**Required work**.
Please set down only the lines below starting with the line with "Detail Korea Gaya" and going on through the line with "Con el propósito", verbatim and without pictures.

**Dataset extract**.
☆ ☆ ☆ ☆
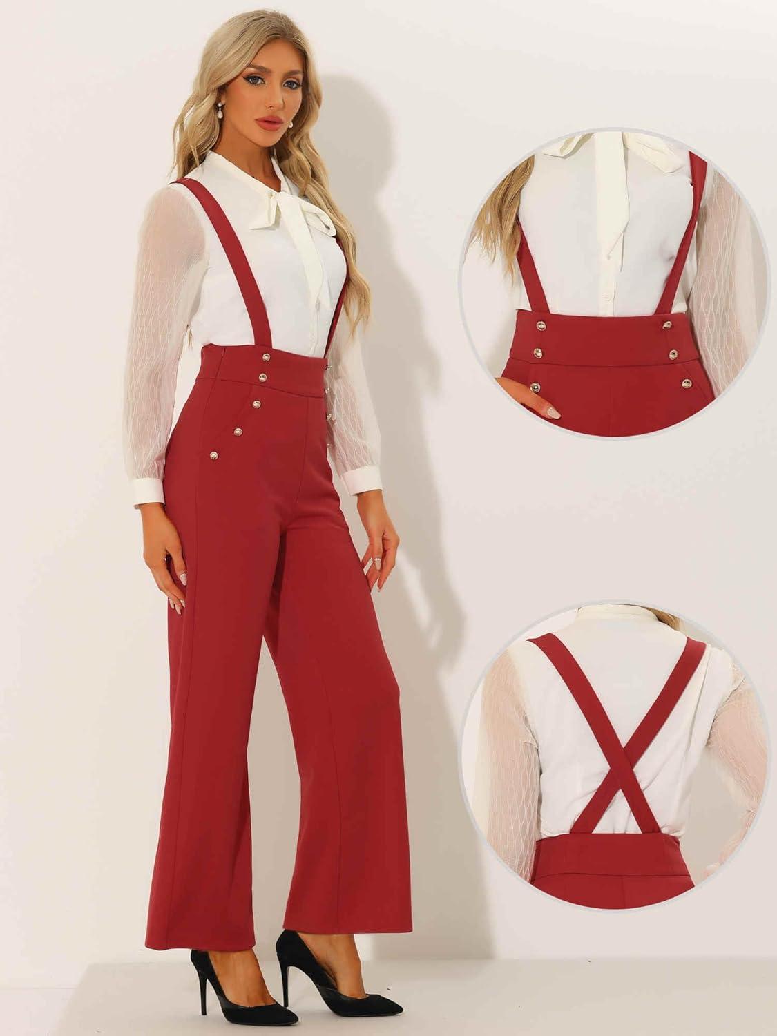 | Stylish suspender-overall look adds a modern twist to office wear. | Color options are somewhat limited. |
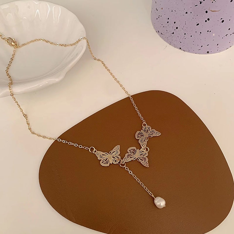 Detail Korea Gaya Baru Sederhana Liontin Mutiara Temperamen Fashion Unik Kalung Kupu-Kupu Berongga
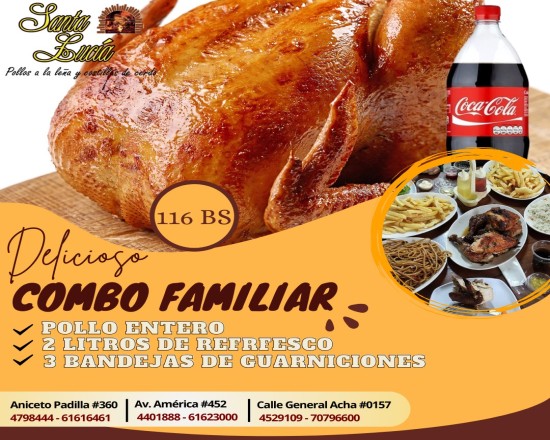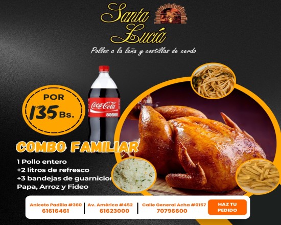 Con el propósito de brindar a la población cochabambina una nueva opción gastronómica, y un servicio de primera; Pollos Santa Lucía inicio sus servicios desde julio del 2009, trayendo consigo un nuevo y único sabor en pollos y costillas de cerdo a la leña y además comprometiéndonos con nuestra clientela.
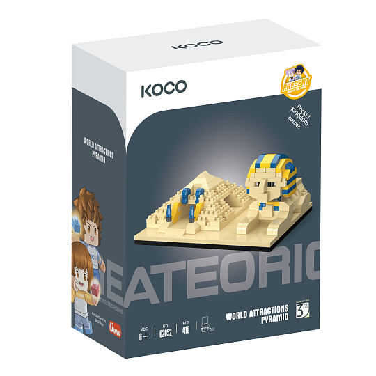 Stavebnice KOCO, to jsou velké příběhy v malých detailech. Sestavte si krásný model pyramidy. Skvělý tip pro procvičení jemné motoriky rukou. Balení obsahuje podrobný obrázkový návod. Počet dílků: 410 ks Rozměry balení 13 x 17 x 7 cm. Vhodné pro děti od 6 let.
☆ ☆ ☆ ☆
**Answer for this exercise**.
 Detail Korea Gaya Baru Sederhana Liontin Mutiara Temperamen Fashion Unik Kalung Kupu-Kupu Berongga
 Con el propósito de brindar a la población cochabambina una nueva opción gastronómica, y un servicio de primera; Pollos Santa Lucía inicio sus servicios desde julio del 2009, trayendo consigo un nuevo y único sabor en pollos y costillas de cerdo a la leña y además comprometiéndonos con nuestra clientela.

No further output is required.